> [WHAT TO PRODUCE]
Include no pictures. Output exactly the lines from the one that contains "寓意日進斗金 事事順心 萬事如意" through the final line of the entries.

Records from a data collection
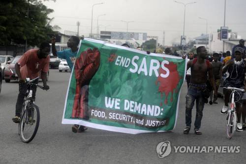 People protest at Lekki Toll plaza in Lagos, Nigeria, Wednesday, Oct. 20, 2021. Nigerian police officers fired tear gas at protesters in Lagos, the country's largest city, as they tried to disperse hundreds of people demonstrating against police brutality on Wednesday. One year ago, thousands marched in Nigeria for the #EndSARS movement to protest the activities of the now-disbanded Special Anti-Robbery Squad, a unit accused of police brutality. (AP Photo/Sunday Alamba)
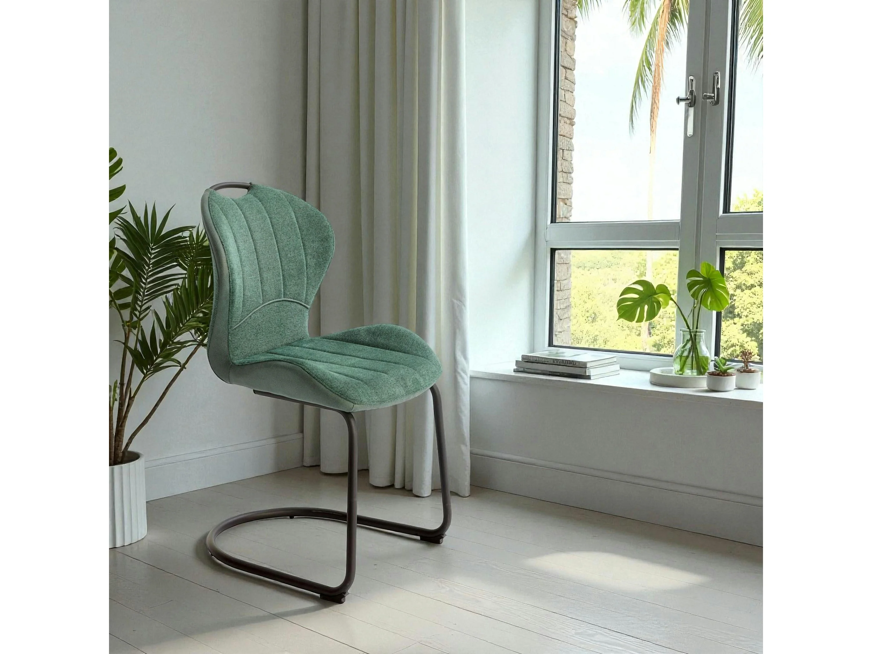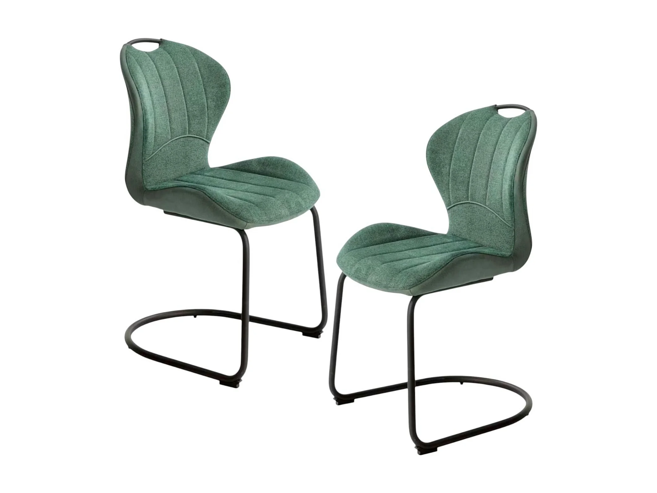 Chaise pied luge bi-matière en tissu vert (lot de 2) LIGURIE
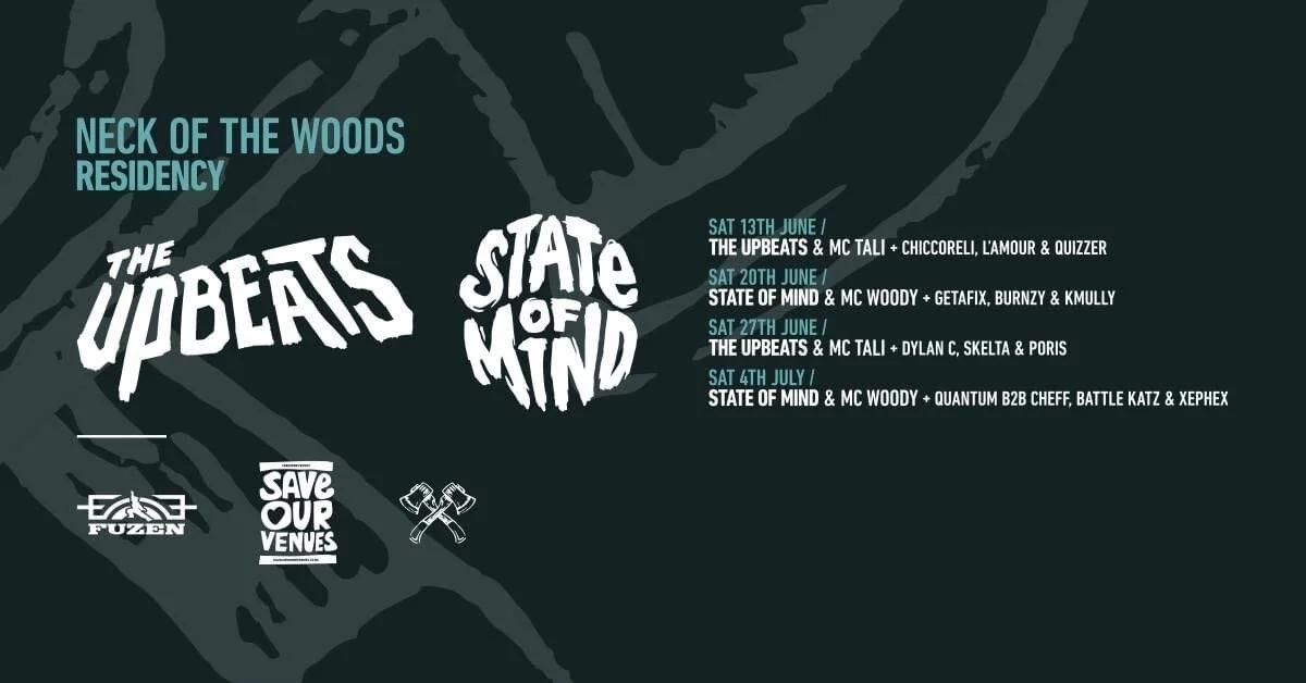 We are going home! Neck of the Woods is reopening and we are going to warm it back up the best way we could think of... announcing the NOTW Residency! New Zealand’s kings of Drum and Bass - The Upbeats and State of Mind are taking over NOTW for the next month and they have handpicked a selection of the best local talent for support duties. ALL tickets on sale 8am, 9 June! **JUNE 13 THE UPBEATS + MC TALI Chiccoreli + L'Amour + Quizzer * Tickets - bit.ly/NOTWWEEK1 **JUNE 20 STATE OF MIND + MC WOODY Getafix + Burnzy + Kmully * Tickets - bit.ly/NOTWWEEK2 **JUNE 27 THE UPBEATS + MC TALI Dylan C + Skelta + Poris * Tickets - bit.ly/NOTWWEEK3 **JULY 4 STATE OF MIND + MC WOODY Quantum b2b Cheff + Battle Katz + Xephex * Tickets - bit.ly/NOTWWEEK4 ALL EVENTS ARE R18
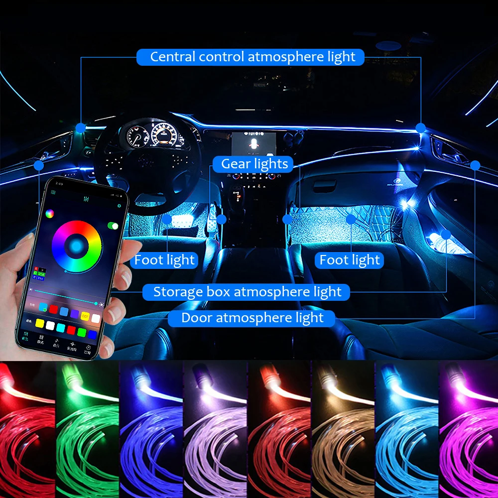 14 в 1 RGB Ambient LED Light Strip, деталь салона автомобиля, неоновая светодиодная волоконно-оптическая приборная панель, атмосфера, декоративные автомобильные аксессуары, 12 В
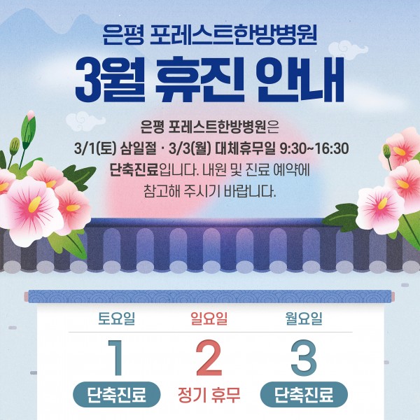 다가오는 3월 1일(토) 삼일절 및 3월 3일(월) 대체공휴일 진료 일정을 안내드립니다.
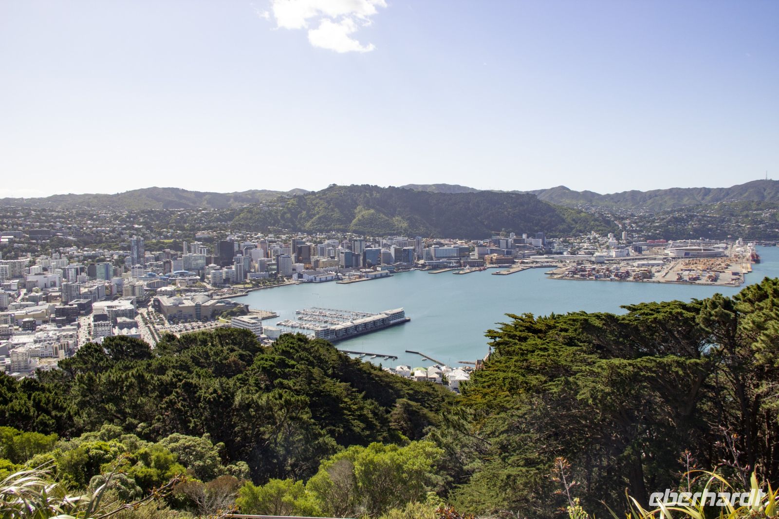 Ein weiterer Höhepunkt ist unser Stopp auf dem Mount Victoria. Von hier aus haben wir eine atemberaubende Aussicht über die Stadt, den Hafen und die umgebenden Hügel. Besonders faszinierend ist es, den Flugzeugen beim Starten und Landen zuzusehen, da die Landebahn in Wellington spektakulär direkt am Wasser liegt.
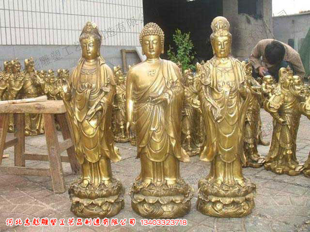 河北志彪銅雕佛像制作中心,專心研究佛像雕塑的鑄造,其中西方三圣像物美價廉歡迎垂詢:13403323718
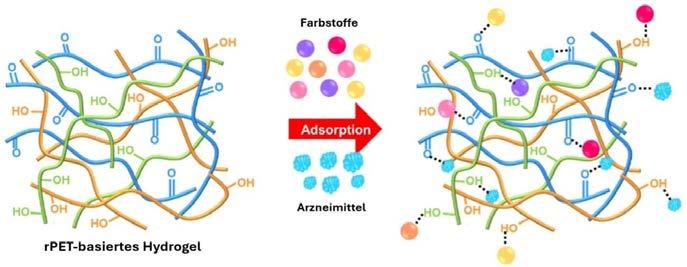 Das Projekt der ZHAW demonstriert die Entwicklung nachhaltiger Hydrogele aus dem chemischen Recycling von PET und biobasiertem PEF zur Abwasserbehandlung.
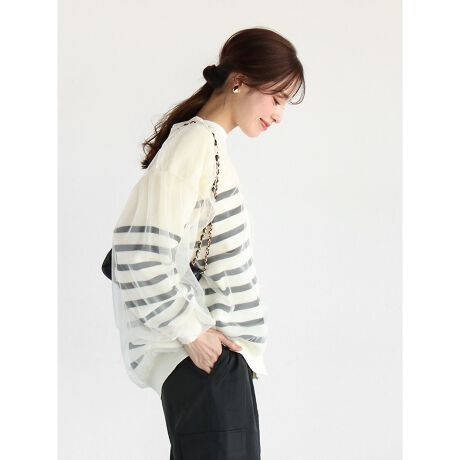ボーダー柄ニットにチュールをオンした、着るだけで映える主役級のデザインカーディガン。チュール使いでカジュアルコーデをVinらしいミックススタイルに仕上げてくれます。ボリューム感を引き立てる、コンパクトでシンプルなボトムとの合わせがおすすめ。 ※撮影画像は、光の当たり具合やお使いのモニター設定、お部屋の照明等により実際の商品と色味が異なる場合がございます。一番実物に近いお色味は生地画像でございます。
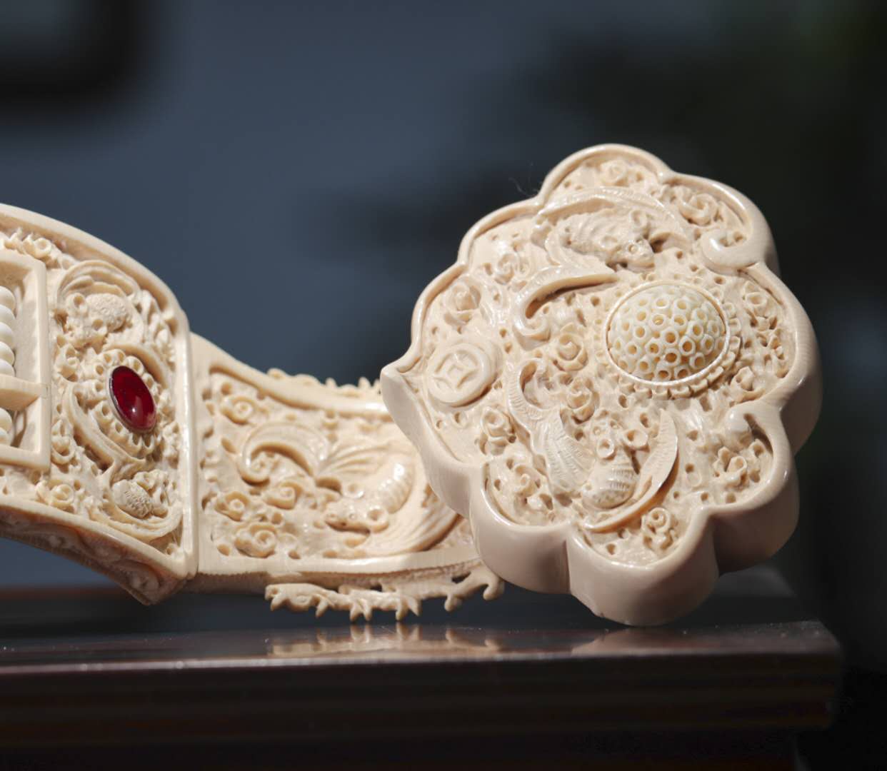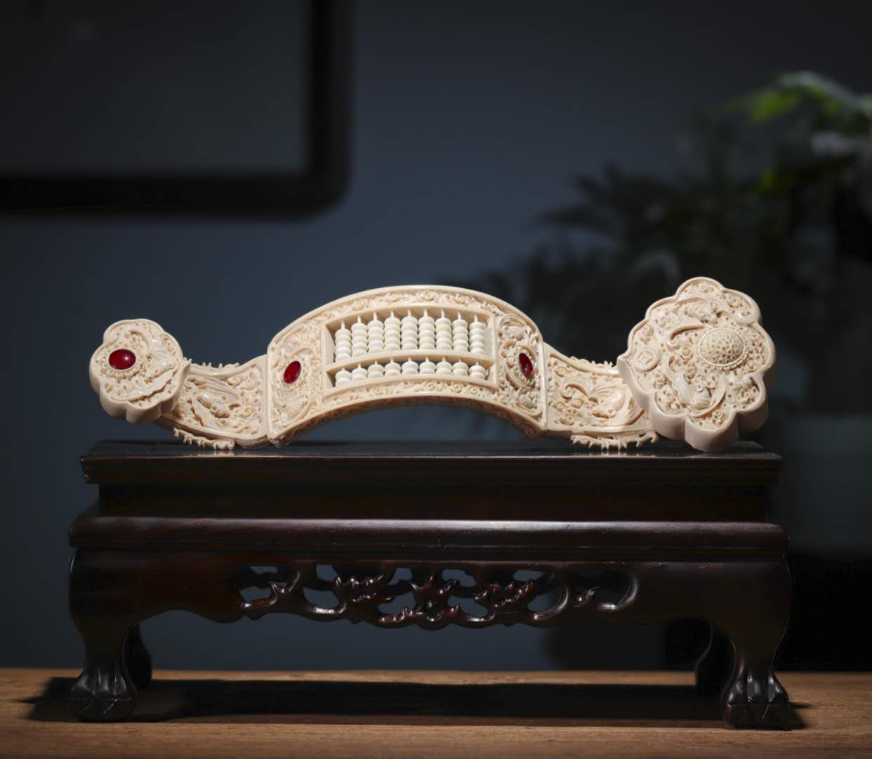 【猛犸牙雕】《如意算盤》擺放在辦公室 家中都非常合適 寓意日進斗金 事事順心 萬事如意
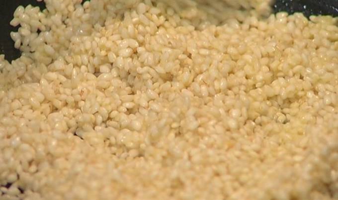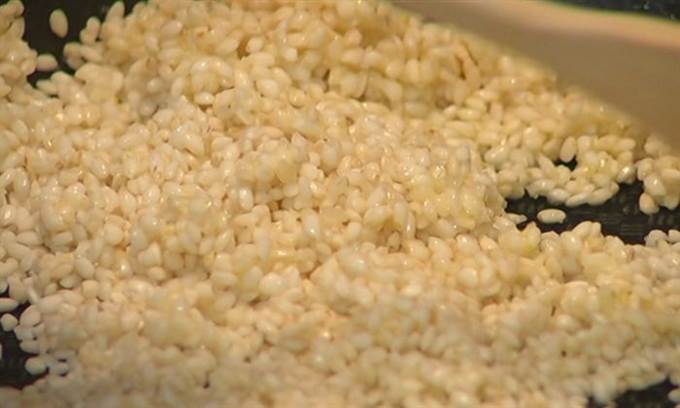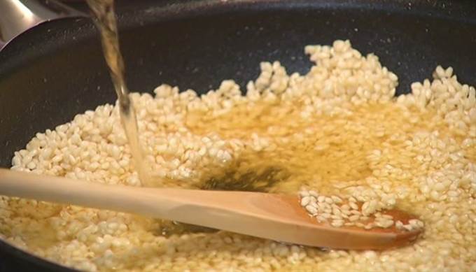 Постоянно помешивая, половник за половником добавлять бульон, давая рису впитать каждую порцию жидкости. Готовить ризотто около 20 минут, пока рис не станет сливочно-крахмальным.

> [TASK RESPONSE]
 【猛犸牙雕】《如意算盤》擺放在辦公室 家中都非常合適 寓意日進斗金 事事順心 萬事如意
 Постоянно помешивая, половник за половником добавлять бульон, давая рису впитать каждую порцию жидкости. Готовить ризотто около 20 минут, пока рис не станет сливочно-крахмальным.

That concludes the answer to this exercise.